Let $R$ be the radius of the sphere and $r$ be the radius of the disc. The capacitance of the conducting sphere is $C_s = 4 \pi \epsilon_0 R$.

Let $V_n$ be the potential of the sphere after the $n$-th repetition of the process. Initially, the potential of the sphere is $V_0 = V_i = 1000$ V.

When the disc is touched to the sphere, it samples the potential at the contact point. The charge transferred $\Delta Q$ is proportional to the potential $V$ and can be expressed as $\Delta Q = C'V$, where $C'$ is an effective capacitance.

The potential of the sphere after one contact is $V' = \frac{Q - \Delta Q}{C_s} = V - \frac{\Delta Q}{C_s} = V - \frac{C'V}{C_s} = V \left(1 - \frac{C'}{C_s}\right)$. Thus, each contact reduces the potential by a factor of $\left(1 - \frac{C'}{C_s}\right)$.

After $N$ repetitions, the potential is $V_f = V_i \left(1 - \frac{C'}{C_s}\right)^N$.

We have $V_i = 1000$ V and $V_f = 999$ V, so $\frac{999}{1000} = \left(1 - \frac{C'}{C_s}\right)^N$.

The key is to estimate $\frac{C'}{C_s}$. The charge density on the sphere is $\sigma = \frac{Q}{4 \pi R^2} = \frac{C_s V}{4 \pi R^2} = \frac{4 \pi \epsilon_0 R V}{4 \pi R^2} = \frac{\epsilon_0 V}{R}$.
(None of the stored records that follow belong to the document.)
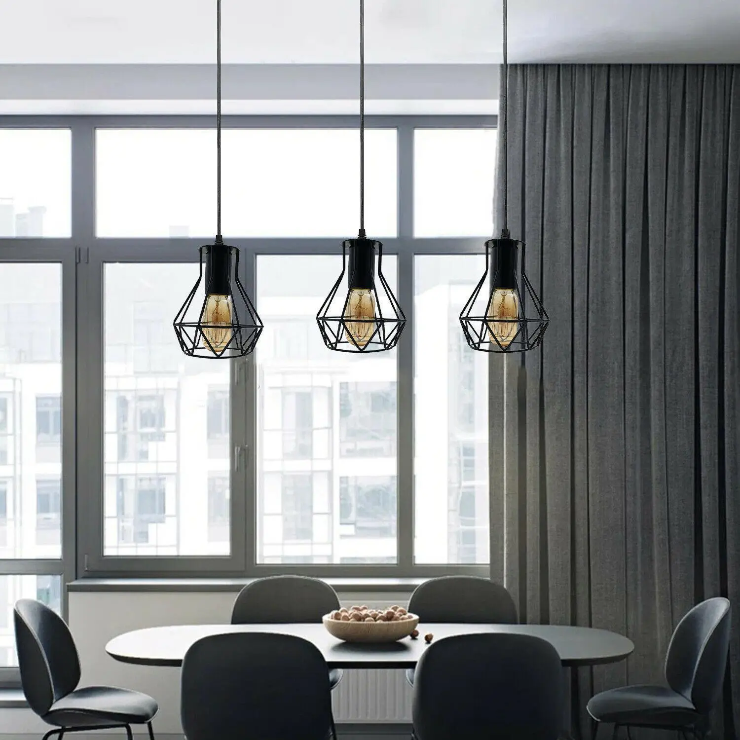 3 Head Rectangle Base Industrial Metal Cage Ceiling Pendant Light UK~1414
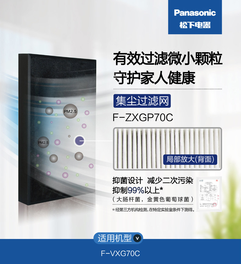 松下空气净化器F-VXG70C集尘过滤网 F-ZXGP70C 除尘网 全新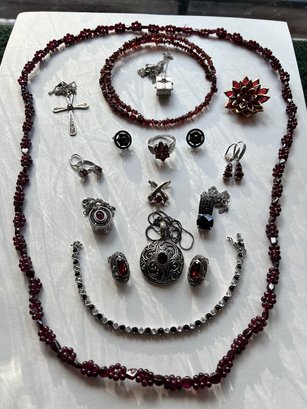 Garnets, Sterling, Beads, Cross, Chains, Drop Earrings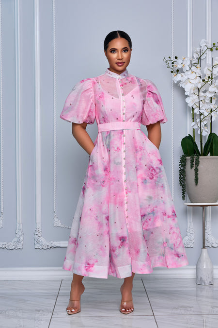 PINK RHINESTONE EMBELLISHED BUTTON DOWN A-LINE DRESS (PINK MULTI)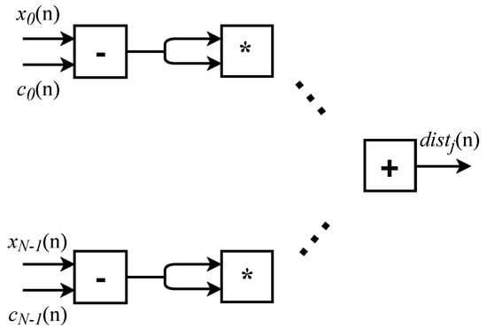 The j-th distance shown in Equation (2), is computed in parallel as in Figure 2. It is important to note that all arithmetic operations are performed in parallel which increases performance regarding throughput.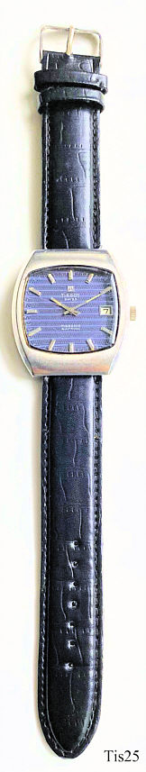 Eine Tissot Tissonic Stimmgabeluhr mit Metall Glieder Armband. Caliber Tissot 2010, ETA 9162, Werknummer , Gehäuse Nr. 40.800 in Base Metal. Geschraubter Edelstahlboden, keine Beschriftung auf der Rückseite. Beschriftet vorn: “Tissot, Swiss, Tissonic, Electronic”.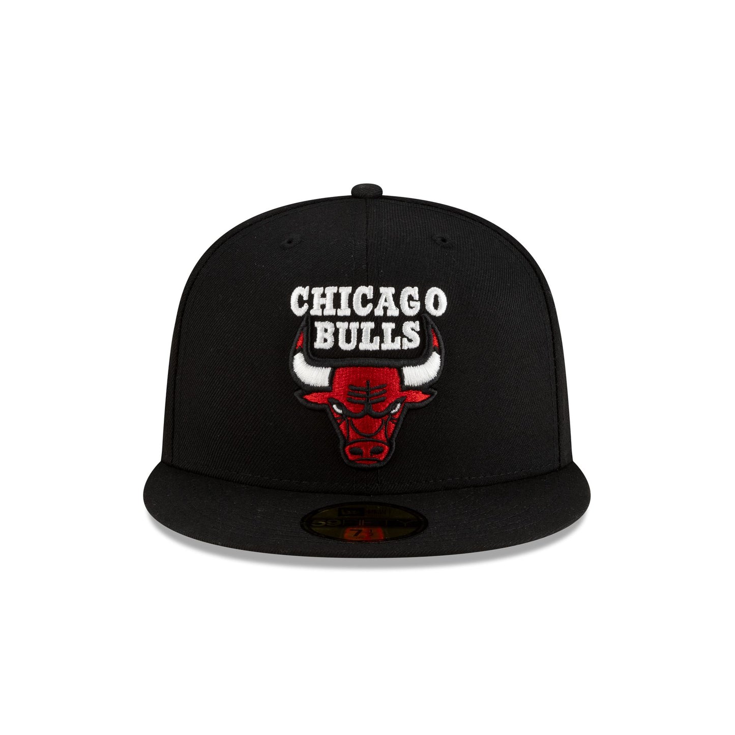 The Chicago Bulls 1966-Present Hardwood Classics Black 59FIFTY Fitted Cap features an embroidered vintage Bulls logo at the front panels with a 1988 All-Star Game patch at the right-wear side. Additional details include a Hardwood Classics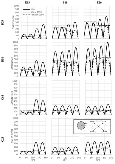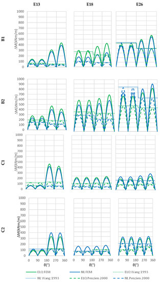 Figure 13 shows the comparisons between numerical and analytical [29,30] bending moments for the cases B1, B2, C1, and C2.
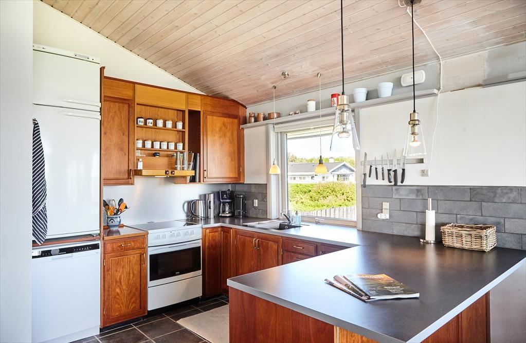 In diesem Haus wirst du sofort in Ferienstimmung versetzt und dich entspannen. Die Küche ist offen in das Wohnzimmer integriert und erlaubt dem Koch oder der Köchin während der Essenszubereitung ein Teil der Gemeinschaft zu sein. Entzünde ein Feuer im Kaminofen und genieße eine Flasche Wein beim entspannten Gespräch, während deine Kinder am Abend in Ihren Betten liegen.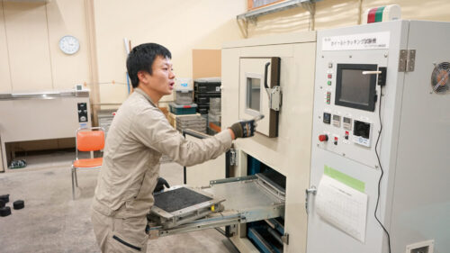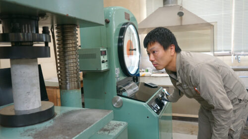 大学で土木を学び、県外に就職しましたが、子どもの小学校入学を機に帰郷。担当する建設資材の強度・耐久試験は構造物の安全性に直結する仕事なのでやりがいを感じます。

The charge transferred to the disc might be proportional to its area multiplied by the charge density. So $\Delta Q \sim \sigma \times (\text{area of disc}) = \frac{\epsilon_0 V}{R} \times (\pi r^2)$. Thus, $C' V \sim \frac{\epsilon_0 V}{R} \pi r^2$, which gives $C' \sim \frac{\epsilon_0 \pi r^2}{R}$.

Then $\frac{C'}{C_s} \sim \frac{\epsilon_0 \pi r^2 / R}{4 \pi \epsilon_0 R} = \frac{r^2}{4 R^2}$.

Given $R = 1.0$ m and $r = 0.01$ m, we have $\frac{C'}{C_s} = \frac{(0.01)^2}{4 (1)^2} = \frac{0.0001}{4} = 0.000025$.

So, $\frac{999}{1000} = (1 - 0.000025)^N$, which means $0.999 = (0.999975)^N$.

Taking the natural logarithm of both sides, we have $\ln(0.999) = N \ln(0.999975)$. Thus, $N = \frac{\ln(0.999)}{\ln(0.999975)}$.

Using a calculator, $\ln(0.999) \approx -0.0010005$ and $\ln(0.999975) \approx -0.0000250003$.

Therefore, $N \approx \frac{-0.0010005}{-0.0000250003} \approx 40.0198 \approx 40$.

The number of repetitions is approximately 40.